The ATN IPS manual does not specify which routes are to be advertised between ATN IPS routers nor basic traffic management policies for a dynamically routed environment.

It can be assumed that ATN IPS routers will exchange information about network prefixes within its AD to neighbour routers. In BGP, this implies that the AD network administrators populate the ATN IPS BGP routers with this information and seek some form of aggregation. By default, BGP routers will also forward routing information about other prefixes learned from other BGP neighbours.

In the absence of traffic management or fully meshed topology between Administrative Domains, traffic between two ADs may be relayed over a third intermediate AD. Such traffic being carried on behalf of two others is termed transit traffic.

The ATN IPS manual should define policies in the management of such traffic as it can lead to various concerns such as:

·  Unplanned resource use of network resources;

·  Compatibility with security measures (a given AD security policy may prevent traffic not destined to pass its firewall but still advertise via BGP the destination network);

·  Compatibility with QoS measures applied within an intermediate AD;

·  Obligation for Administrative Domains to relay such traffic.

Cost sharing approach requirement, a country must pay for increased traffic costs.

Need to develop general framework for backbone.

4.1.3.2  Transition between IPv4 and IPv6

Current ground communications are generally handled through appropriate profiles based on IPv4. For technical, economical and strategic reasons, transition to IPv6 will be made gradually and appropriate transition path need to be defined:

RFC 4213 - Basic Transition Mechanisms for IPv6 Hosts and Routers

This RFC discusses dual stack approaches as well as tunnelling IPv6 traffic through existing IPv4 networks.

In the ATN context, a symmetrical issue exists: the core network is IPv6 while some application (e.g. AMHS) only supports IPv4 profiles.

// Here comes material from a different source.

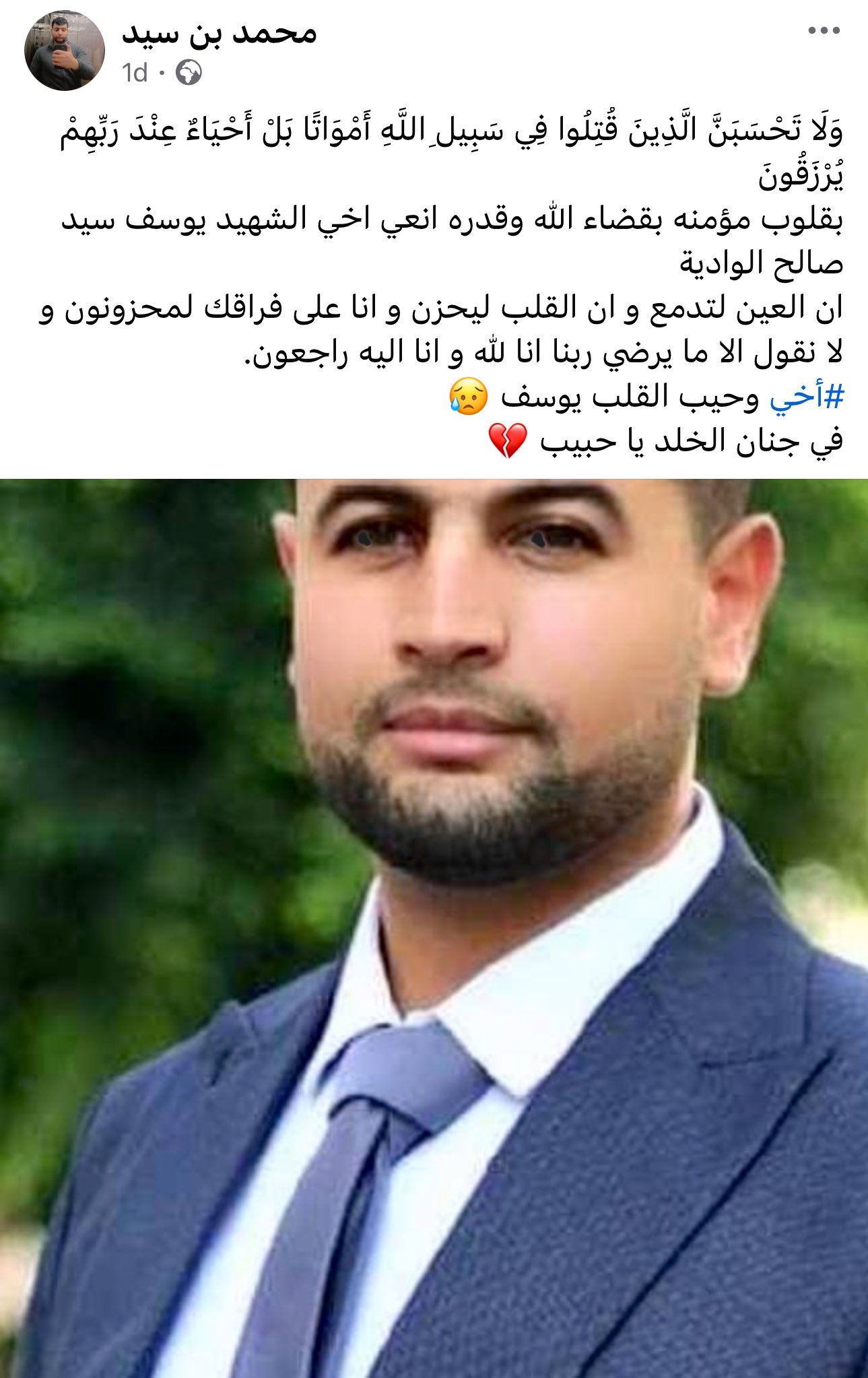 Yusuf Al-Wadiya was killed by Israel at his home two days before the massacre.

This case may be handled through the “IPv4-compatible IPv6 address” and “IPv4-mapped IPv6 address” as stated in:

RFC 3513 - Basic Transition Mechanisms for IPv6 Hosts and Routers.

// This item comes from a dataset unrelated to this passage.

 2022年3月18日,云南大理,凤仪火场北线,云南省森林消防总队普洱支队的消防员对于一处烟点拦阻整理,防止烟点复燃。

An alternate solution consists in making appropriate provisions for supporting IPv4 systems when specifying the ATN addressing plan. This solution improves consistency between all categories of ATN systems addresses.

4.1.4  ATN/IPS QoS

The ATN/IPS QoS/CoS objectives and architecture are influenced by proper selection of the following functions:

·  Applications and Traffic Classes

·  Transport layer protocols

·  Security algorithms

·  Flow and congestion Control

·  Buffering and queue management – drop policies

·  Multicasting protocols

·  Routing and addressing schemes

·  Media Access Control Protocols

·  Bandwidth allocation and bandwidth-on-demand algorithms

·  G-G and future A-G interfaces

·  Network control and management

·  Interoperability among network domains

·  Internal and External Policy control

Differentiated Service

Differentiated Service (RFC 2474) provides a mean for specifying and implementing Qos handling consistently in IPS network. This specification is made on a per node basis, specifying behaviour of individual nodes concerning Qos (Per Hop behaviour).

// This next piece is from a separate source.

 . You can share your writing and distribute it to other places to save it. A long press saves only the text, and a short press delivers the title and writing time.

The general framework / current practices is depicted in details in: RFC 2475 - Architecture for Differentiated Services

Traffic Priority

Historically, network layer priority was selected explicitly by the sending application through the TOS field. Although Differentiated Service (RFC 2474) preserves the IP precedence semantic of the TOS field, this approach is now deprecated. This is partly because the IP precedence has been superseded by the Per-Hop-Behaviour strategy inside Differentiated service, but also because network administrators usually don’t trust QOS specification coming from the application.

ATN application traffics can be identified / prioritised according to the destination port of datagrams when they enter the network:

·  This provides transparent and safe identification of traffics, because the destination port is always a trusted information (otherwise the traffic will never reach its destination).